PROBLEM TO WORK ON: Copy out all the lines of the data precisely, omitting any pictures.

DATA:
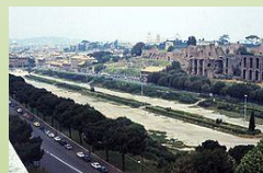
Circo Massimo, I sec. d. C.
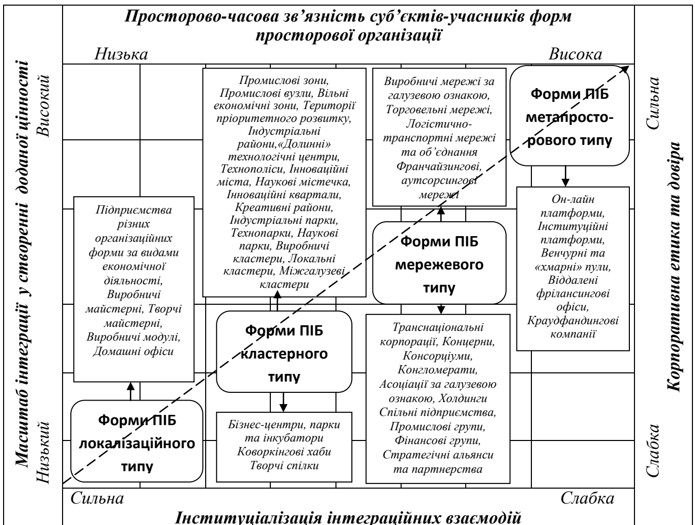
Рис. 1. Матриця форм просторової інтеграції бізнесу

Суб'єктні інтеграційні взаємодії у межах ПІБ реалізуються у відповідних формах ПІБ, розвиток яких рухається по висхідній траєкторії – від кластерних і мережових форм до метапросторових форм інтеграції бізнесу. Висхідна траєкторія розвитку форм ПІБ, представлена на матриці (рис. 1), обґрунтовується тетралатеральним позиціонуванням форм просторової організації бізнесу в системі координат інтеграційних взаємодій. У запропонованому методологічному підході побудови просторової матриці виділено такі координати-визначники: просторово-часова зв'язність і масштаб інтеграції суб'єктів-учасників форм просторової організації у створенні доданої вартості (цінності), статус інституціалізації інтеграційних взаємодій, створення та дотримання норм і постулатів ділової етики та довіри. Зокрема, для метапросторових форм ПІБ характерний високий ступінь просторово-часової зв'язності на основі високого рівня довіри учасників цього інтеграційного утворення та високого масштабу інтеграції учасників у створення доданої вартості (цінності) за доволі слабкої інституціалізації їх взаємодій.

SOLUTION FOR THIS EXERCISE:
Circo Massimo, I sec. d. C.
Рис. 1. Матриця форм просторової інтеграції бізнесу

Суб'єктні інтеграційні взаємодії у межах ПІБ реалізуються у відповідних формах ПІБ, розвиток яких рухається по висхідній траєкторії – від кластерних і мережових форм до метапросторових форм інтеграції бізнесу. Висхідна траєкторія розвитку форм ПІБ, представлена на матриці (рис. 1), обґрунтовується тетралатеральним позиціонуванням форм просторової організації бізнесу в системі координат інтеграційних взаємодій. У запропонованому методологічному підході побудови просторової матриці виділено такі координати-визначники: просторово-часова зв'язність і масштаб інтеграції суб'єктів-учасників форм просторової організації у створенні доданої вартості (цінності), статус інституціалізації інтеграційних взаємодій, створення та дотримання норм і постулатів ділової етики та довіри. Зокрема, для метапросторових форм ПІБ характерний високий ступінь просторово-часової зв'язності на основі високого рівня довіри учасників цього інтеграційного утворення та високого масштабу інтеграції учасників у створення доданої вартості (цінності) за доволі слабкої інституціалізації їх взаємодій.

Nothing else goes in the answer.